[DATA SUPPLIED Boundary: Start]
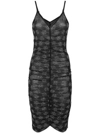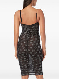 monogram tulle dress Highlights - Black - Tulle overlay - Monogram pattern - Rhinestone embellishment - V-neck - Adjustable spaghetti straps - Knee-length - Straight hem Imported Composition Glass Fiber 100%, Polyester 66%, Spandex/Elastane 34%
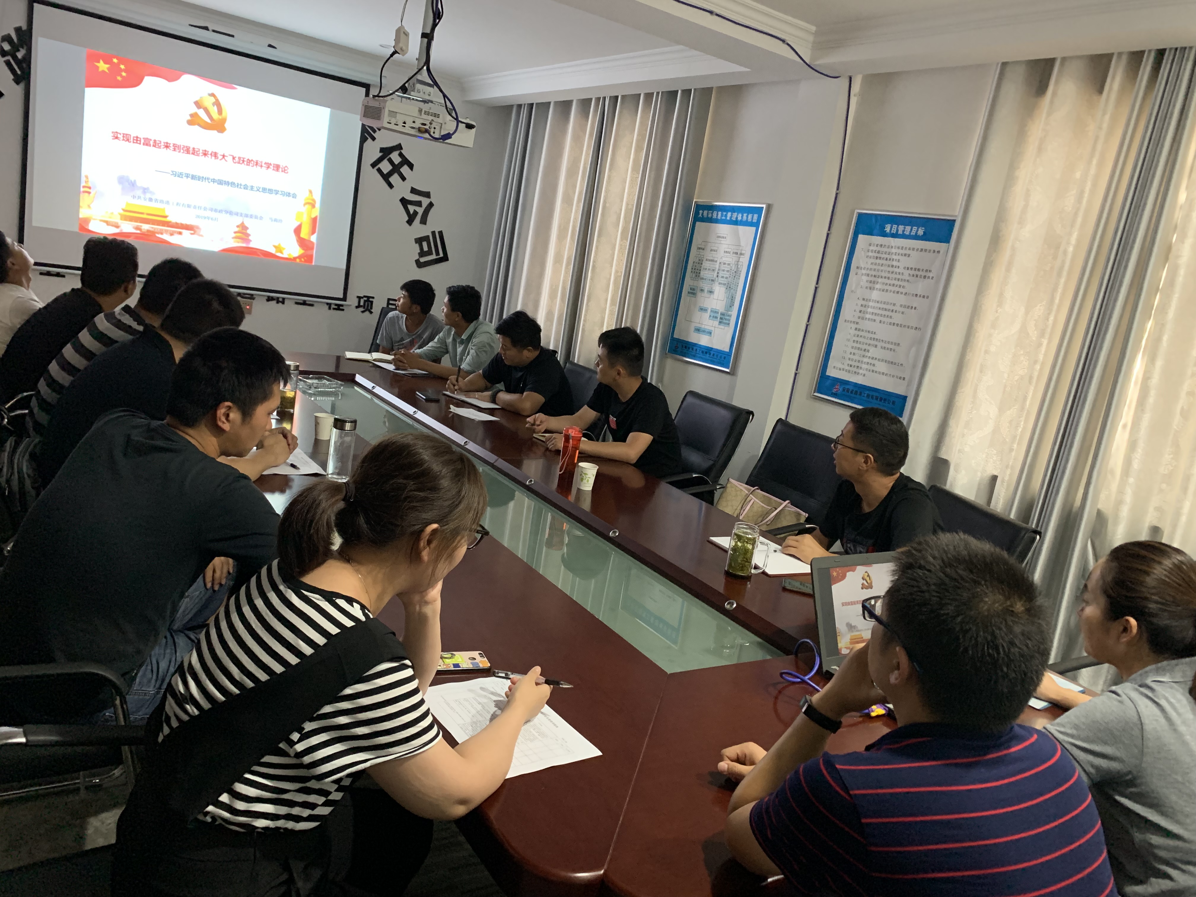 市政分公司黨支部開展“不忘初心,牢記使命”主題黨日活動,集中學習《習近平新時代中國特色社會主義學習綱要》,支部副書記馬莉玲赴阜合產業園項目部講黨課。
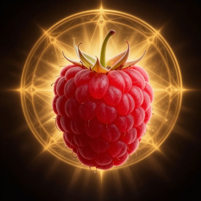 Raspberry an eldritch angle with radient golden light has a halo of sacred geometry around its head,
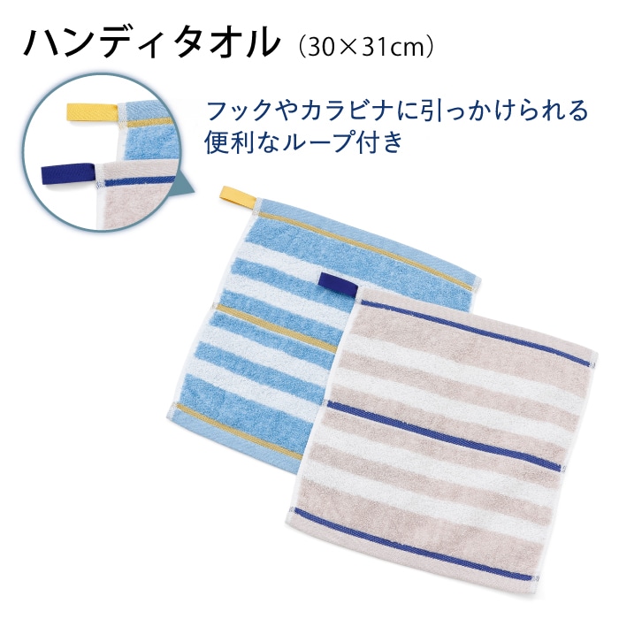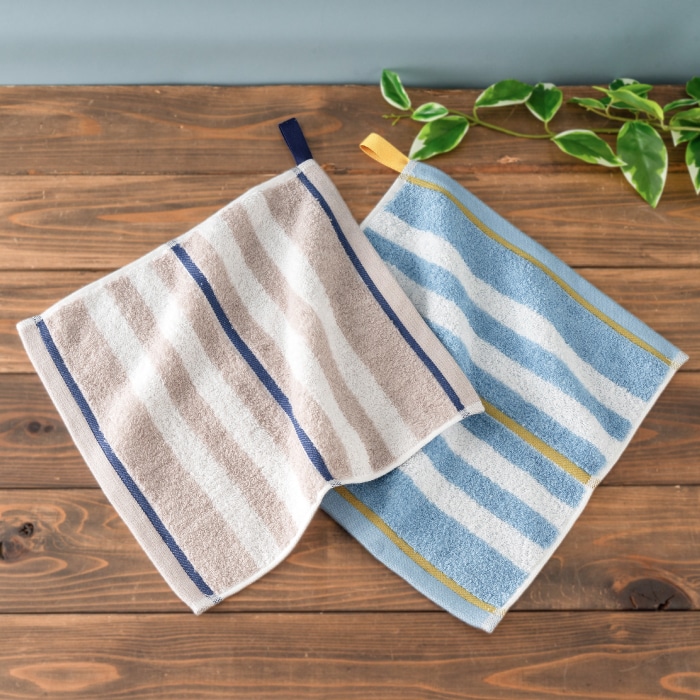 澄み渡る北欧の風をイメージした、ボーダー柄シリーズ。ラインとループのアクセントカラーを効かせた、洗練された佇まいです。
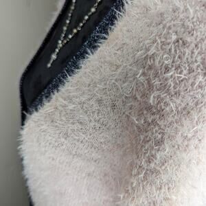 Preppy Soft pink and black fuzzy cardigan with button up front
[DATA SUPPLIED Boundary: End]
> [PROBLEM DESCRIPTION]
Exactly as written, copy out the listing, but without any pictures.

> [EXERCISE OUTPUT]
 monogram tulle dress Highlights - Black - Tulle overlay - Monogram pattern - Rhinestone embellishment - V-neck - Adjustable spaghetti straps - Knee-length - Straight hem Imported Composition Glass Fiber 100%, Polyester 66%, Spandex/Elastane 34%
 市政分公司黨支部開展“不忘初心,牢記使命”主題黨日活動,集中學習《習近平新時代中國特色社會主義學習綱要》,支部副書記馬莉玲赴阜合產業園項目部講黨課。
 Raspberry an eldritch angle with radient golden light has a halo of sacred geometry around its head,
 澄み渡る北欧の風をイメージした、ボーダー柄シリーズ。ラインとループのアクセントカラーを効かせた、洗練された佇まいです。
 Preppy Soft pink and black fuzzy cardigan with button up front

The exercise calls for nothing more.